Performance Tips

Performance Tips

Quick tips for reducing allocations and maximizing throughput

This page summarizes practical tips to reduce allocations and improve locality and throughput in SHTnsKit.jl, especially for distributed (MPI + PencilArrays) use.

  • Reuse plans: Construct SHTPlan (serial) and distributed plans (DistAnalysisPlan, DistSphtorPlan, DistQstPlan) once per size and reuse. Plans hold FFT plans and working buffers to avoid per-call allocations.

  • Grid defaults: Gauss grids use phi_scale=:dft (FFT scaling nlon). Regular/Driscoll-Healy grids use phi_scale=:quad (nlon/2π). You can override globally with ENV["SHTNSKIT_PHI_SCALE"]=dft|quad or per-config via phi_scale if you need a specific convention.

  • Low-allocation serial recipe: preallocate FFT scratch and outputs.

    cfg = create_gauss_config(32, 34; nlon=129)
    fft_scratch = scratch_fft(cfg)
    alm = zeros(ComplexF64, cfg.lmax+1, cfg.mmax+1)
    f   = randn(cfg.nlat, cfg.nlon)
    analysis!(cfg, alm, f; fft_scratch=fft_scratch)      # reuse alm + scratch
    f_out = scratch_spatial(cfg)
    synthesis!(cfg, f_out, alm; fft_scratch=fft_scratch) # reuse f_out + scratch
  • Low-allocation distributed recipe: reuse plans with in-plan scratch.

    aplan = DistAnalysisPlan(cfg, proto; use_rfft=true)
    vplan = DistSphtorPlan(cfg, proto; use_rfft=true, with_spatial_scratch=true)
    splan = DistPlan(cfg, proto; use_rfft=true)
    dist_analysis!(aplan, Alm, fθφ)          # no per-call FFT allocs
    dist_synthesis_sphtor!(vplan, Vt, Vp, S, T; real_output=true)
    dist_synthesis!(splan, fθφ, Alm; real_output=true)
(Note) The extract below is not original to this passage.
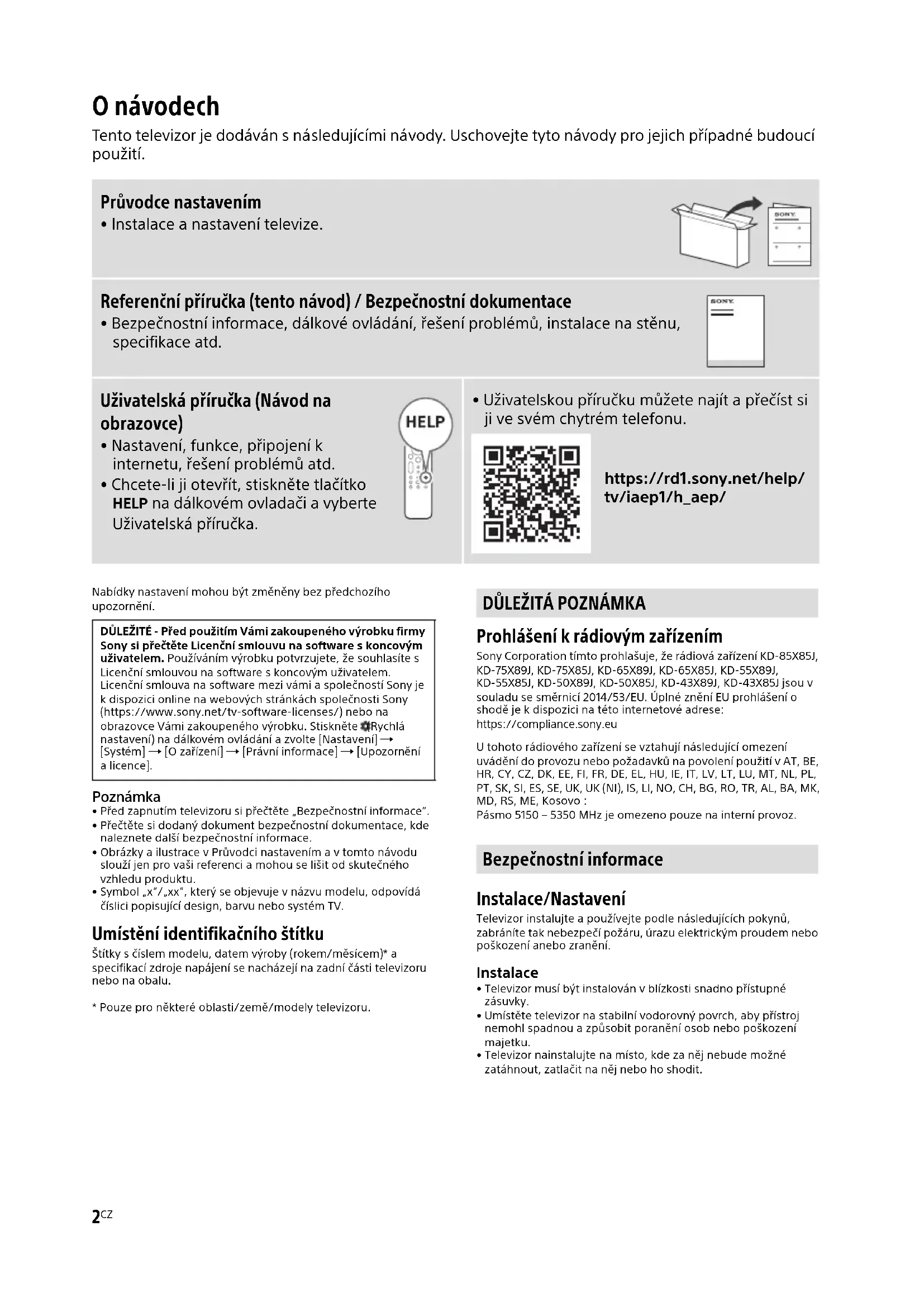 - Pouze pro některé oblasti/země/modely televizoru. Prohlášení k rádiovým zařízením Sony Corporation tímto prohlašuje, že rádiová zařízení KD-85X85J, KD-75X89J, KD-75X85J, KD-65X89J, KD-65X85J, KD-55X89J, KD-55X85J, KD-50X89J, KD-50X85J, KD-43X89J, KD-43X85J jsou v souladu se směrnicí 2014/53/EU. Úplné znění EU prohlášení o shodě je k dispozici na této internetové adrese: https://compliance.sony.eu U tohoto rádiového zařízení se vztahují následující omezení uvádění do provozu nebo požadavků na povolení použití v AT, BE, HR, CY, CZ, DK, EE, FI, FR, DE, EL, HU, IE, IT, LV, LT, LU, MT, NL, PL, PT, SK, SI, ES, SE, UK, UK (NI), IS, LI, NO, CH, BG, RO, TR, AL, BA, MK, MD, RS, ME, Kosovo : Pásmo 5150 – 5350 MHz je omezeno pouze na interní provoz. Instalace/Nastavení Televizor instalujte a používejte podle následujících pokynů, zabráníte tak nebezpečí požáru, úrazu elektrickým proudem nebo poškození anebo zranění. Instalace
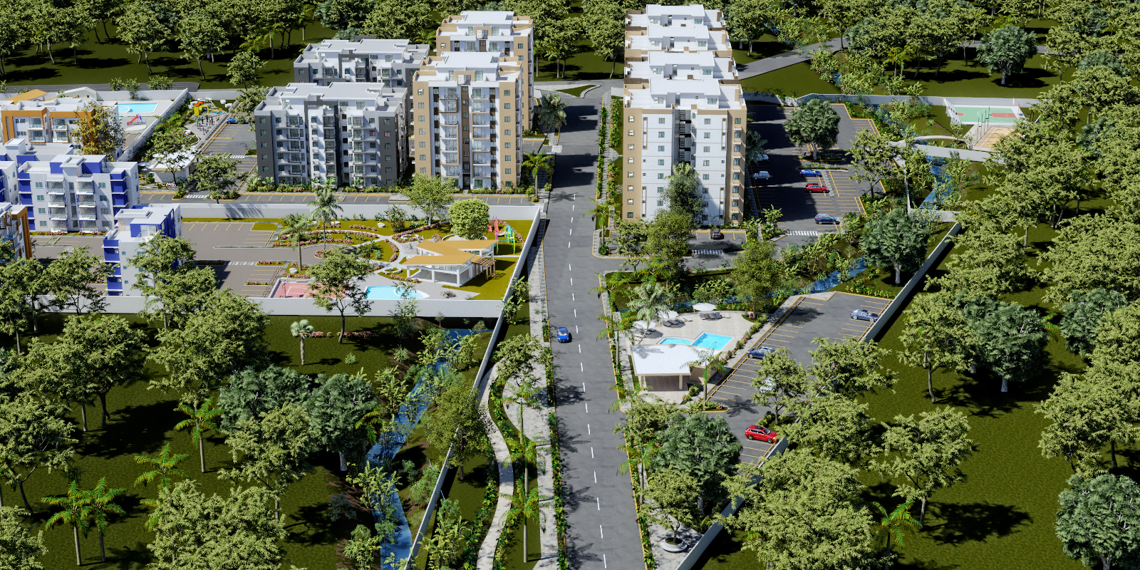 Riverside Jacobo Majluta cuenta con 8 edificios con ascensor. De 6 y 8 niveles. En una zona con múltiples amenidades para el disfrute de todos sus residentes.

    use_rfft trims the spectral grid; with_spatial_scratch keeps a single complex (θ,φ) buffer inside the vector/QST plans so real outputs don’t allocate a fresh iFFT workspace each call.

  • userfft (distributed plans): When available in your PencilFFTs, set `userfft=true` in distributed plans to cut the (θ,k) spectral memory and accelerate real-output paths. The code falls back to complex FFTs when real transforms are not supported.

  • withspatialscratch (vector/QST): Enable with_spatial_scratch=true to keep a single complex (θ,φ) scratch in the plan. This removes per-call iFFT allocations for real outputs. Default remains off to minimize footprint.

  • Precomputed Legendre tables: On fixed grids, call enable_plm_tables!(cfg) to precompute plm_tables and dplm_tables. They provide identical results to on-the-fly recurrences and usually reduce CPU cost.

  • Threading inside rank: For large lmax, enable Julia threads and (optionally) FFTW threads. Use set_optimal_threads!() or tune with set_threading!() and set_fft_threads() to match your core layout.

  • LoopVectorization: If available, analysis_turbo/synthesis_turbo and related helpers can accelerate inner loops. Guard with using LoopVectorization.

  • Data locality by m: Keep Alm distributed by m throughout your pipeline to avoid dense gathers. The distributed plans in this package consume and produce m-sliced data to preserve cache locality.